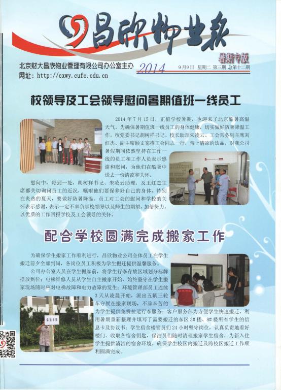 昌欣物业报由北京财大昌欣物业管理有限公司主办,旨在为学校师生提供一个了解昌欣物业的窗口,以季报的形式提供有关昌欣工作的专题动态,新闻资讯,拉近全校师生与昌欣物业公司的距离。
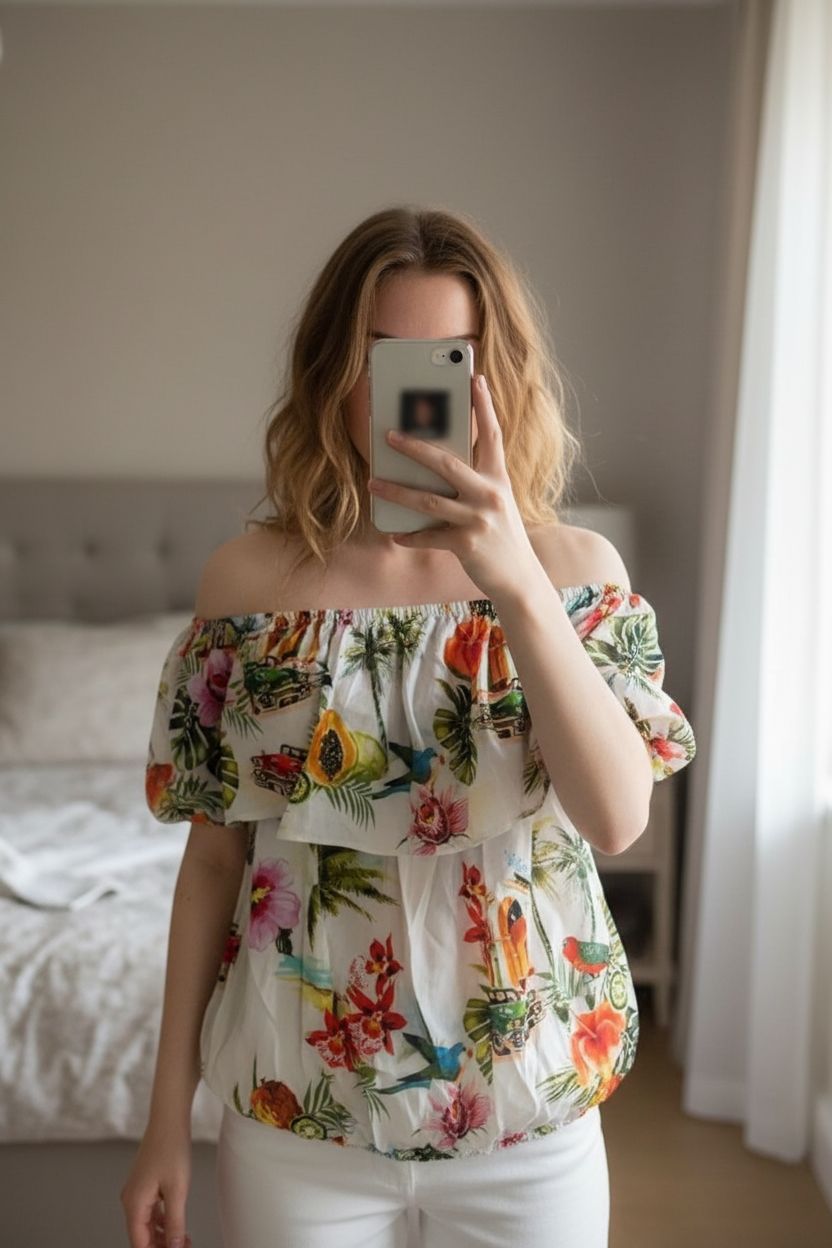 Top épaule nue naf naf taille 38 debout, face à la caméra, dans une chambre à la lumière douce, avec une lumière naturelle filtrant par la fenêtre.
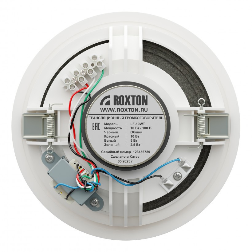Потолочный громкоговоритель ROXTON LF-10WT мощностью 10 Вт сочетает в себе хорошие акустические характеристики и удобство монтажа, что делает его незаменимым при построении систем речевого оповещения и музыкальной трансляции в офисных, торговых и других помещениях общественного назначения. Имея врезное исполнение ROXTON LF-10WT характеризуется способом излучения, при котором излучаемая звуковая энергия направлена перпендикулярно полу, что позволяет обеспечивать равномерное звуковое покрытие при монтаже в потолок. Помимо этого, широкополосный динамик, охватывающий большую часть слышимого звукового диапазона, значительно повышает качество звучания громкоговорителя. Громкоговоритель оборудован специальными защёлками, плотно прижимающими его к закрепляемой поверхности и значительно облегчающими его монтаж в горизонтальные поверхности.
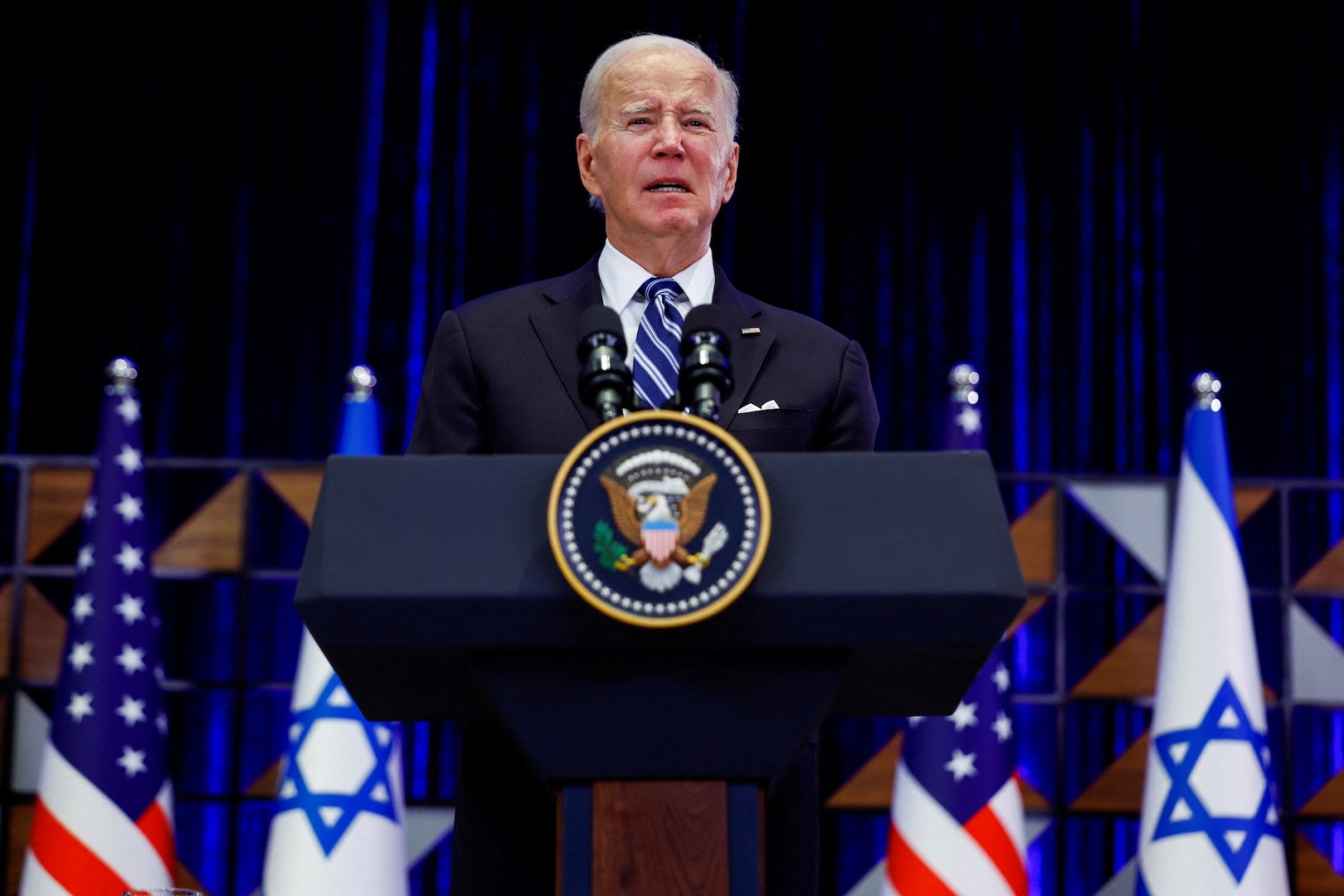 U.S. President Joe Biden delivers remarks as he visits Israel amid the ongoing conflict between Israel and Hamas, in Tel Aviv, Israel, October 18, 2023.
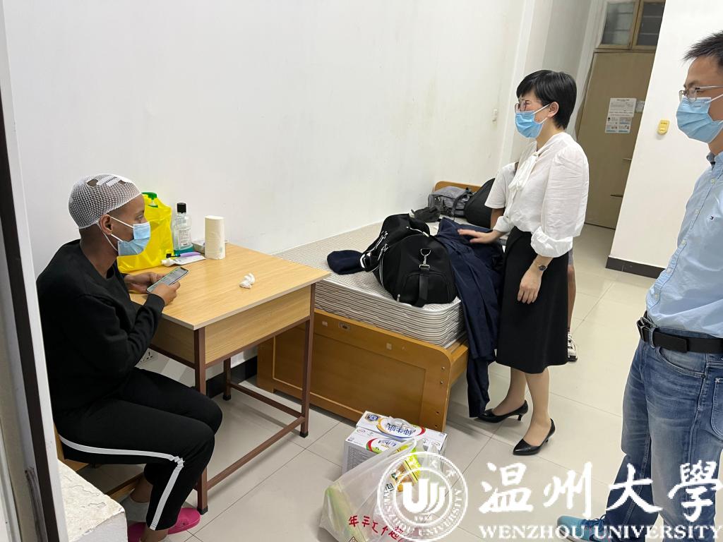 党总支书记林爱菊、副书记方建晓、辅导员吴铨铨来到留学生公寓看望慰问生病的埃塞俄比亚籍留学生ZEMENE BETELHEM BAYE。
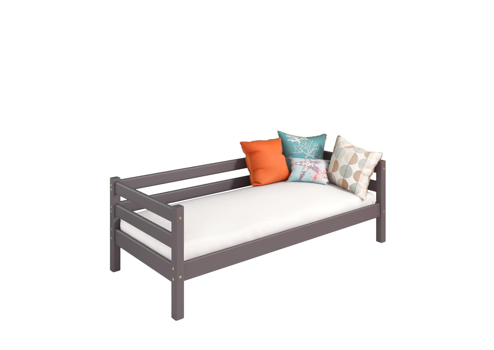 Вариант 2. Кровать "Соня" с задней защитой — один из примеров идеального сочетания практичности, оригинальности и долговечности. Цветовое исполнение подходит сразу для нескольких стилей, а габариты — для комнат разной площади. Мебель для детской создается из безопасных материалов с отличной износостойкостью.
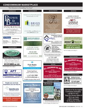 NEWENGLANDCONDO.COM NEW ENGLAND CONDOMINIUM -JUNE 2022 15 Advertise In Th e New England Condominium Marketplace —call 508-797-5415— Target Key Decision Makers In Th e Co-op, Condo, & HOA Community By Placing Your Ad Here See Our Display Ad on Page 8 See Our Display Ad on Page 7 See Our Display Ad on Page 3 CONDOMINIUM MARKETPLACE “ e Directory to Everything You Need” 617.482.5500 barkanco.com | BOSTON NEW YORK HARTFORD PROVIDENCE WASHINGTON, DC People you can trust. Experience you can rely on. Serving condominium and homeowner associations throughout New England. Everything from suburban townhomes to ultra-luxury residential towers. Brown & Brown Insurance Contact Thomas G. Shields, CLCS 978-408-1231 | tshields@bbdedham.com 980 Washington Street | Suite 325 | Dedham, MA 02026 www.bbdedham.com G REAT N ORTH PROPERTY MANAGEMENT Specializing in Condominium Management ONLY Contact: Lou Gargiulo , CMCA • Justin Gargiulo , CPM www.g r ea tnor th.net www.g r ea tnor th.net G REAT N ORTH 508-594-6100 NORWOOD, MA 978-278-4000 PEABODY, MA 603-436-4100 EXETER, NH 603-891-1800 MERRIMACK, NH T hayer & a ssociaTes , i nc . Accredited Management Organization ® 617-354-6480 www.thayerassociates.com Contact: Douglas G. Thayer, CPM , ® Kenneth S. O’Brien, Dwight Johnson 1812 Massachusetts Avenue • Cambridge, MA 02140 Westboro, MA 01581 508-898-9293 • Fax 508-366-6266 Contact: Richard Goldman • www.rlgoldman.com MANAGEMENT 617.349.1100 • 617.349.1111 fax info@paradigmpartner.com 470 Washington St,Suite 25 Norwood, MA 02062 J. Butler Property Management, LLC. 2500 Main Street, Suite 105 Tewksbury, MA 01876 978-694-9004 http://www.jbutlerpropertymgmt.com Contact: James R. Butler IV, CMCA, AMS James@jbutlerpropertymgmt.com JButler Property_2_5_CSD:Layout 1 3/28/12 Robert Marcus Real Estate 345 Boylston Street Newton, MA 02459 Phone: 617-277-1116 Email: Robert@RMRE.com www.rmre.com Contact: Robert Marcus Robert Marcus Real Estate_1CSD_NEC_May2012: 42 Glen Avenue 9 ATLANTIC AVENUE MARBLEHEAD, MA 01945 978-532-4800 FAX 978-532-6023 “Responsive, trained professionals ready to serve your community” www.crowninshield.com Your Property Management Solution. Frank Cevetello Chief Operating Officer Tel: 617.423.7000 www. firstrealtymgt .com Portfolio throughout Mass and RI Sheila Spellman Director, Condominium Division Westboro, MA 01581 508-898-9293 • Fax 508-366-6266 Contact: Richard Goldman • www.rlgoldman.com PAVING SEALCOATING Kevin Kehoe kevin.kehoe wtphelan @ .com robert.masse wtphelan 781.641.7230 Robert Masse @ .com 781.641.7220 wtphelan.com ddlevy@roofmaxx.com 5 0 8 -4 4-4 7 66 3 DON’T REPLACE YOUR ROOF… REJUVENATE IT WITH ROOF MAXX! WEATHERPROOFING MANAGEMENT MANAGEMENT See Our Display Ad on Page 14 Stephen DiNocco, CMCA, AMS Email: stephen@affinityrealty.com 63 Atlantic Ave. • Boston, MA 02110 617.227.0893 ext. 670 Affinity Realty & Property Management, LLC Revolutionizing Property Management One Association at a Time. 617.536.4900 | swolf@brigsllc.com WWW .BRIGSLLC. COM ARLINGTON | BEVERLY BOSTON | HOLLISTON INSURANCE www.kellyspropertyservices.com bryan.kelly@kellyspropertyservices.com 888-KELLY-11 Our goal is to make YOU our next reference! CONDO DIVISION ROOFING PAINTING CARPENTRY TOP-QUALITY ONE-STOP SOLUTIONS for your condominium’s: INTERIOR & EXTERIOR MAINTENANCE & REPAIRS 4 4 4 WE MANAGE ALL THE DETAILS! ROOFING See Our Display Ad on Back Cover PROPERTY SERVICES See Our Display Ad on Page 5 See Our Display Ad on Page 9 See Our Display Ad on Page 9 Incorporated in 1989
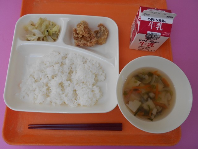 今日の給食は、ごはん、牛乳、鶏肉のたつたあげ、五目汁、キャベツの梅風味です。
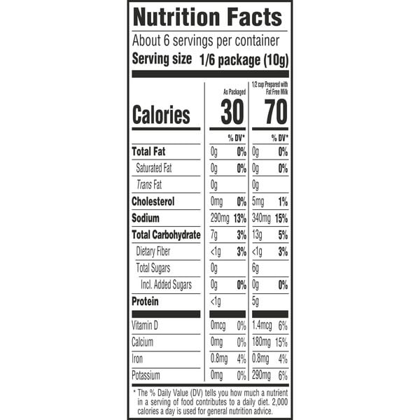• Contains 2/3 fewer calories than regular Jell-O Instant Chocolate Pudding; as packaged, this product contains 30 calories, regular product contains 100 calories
# # #
Restrict the output to the lines from the one with "今日の給食は、ごはん、牛乳、鶏肉のたつたあげ、五目汁、キャベツの梅風味です。" through the last line of the material above. Print them exactly, leaving out every picture.

## RESULT
 今日の給食は、ごはん、牛乳、鶏肉のたつたあげ、五目汁、キャベツの梅風味です。
• Contains 2/3 fewer calories than regular Jell-O Instant Chocolate Pudding; as packaged, this product contains 30 calories, regular product contains 100 calories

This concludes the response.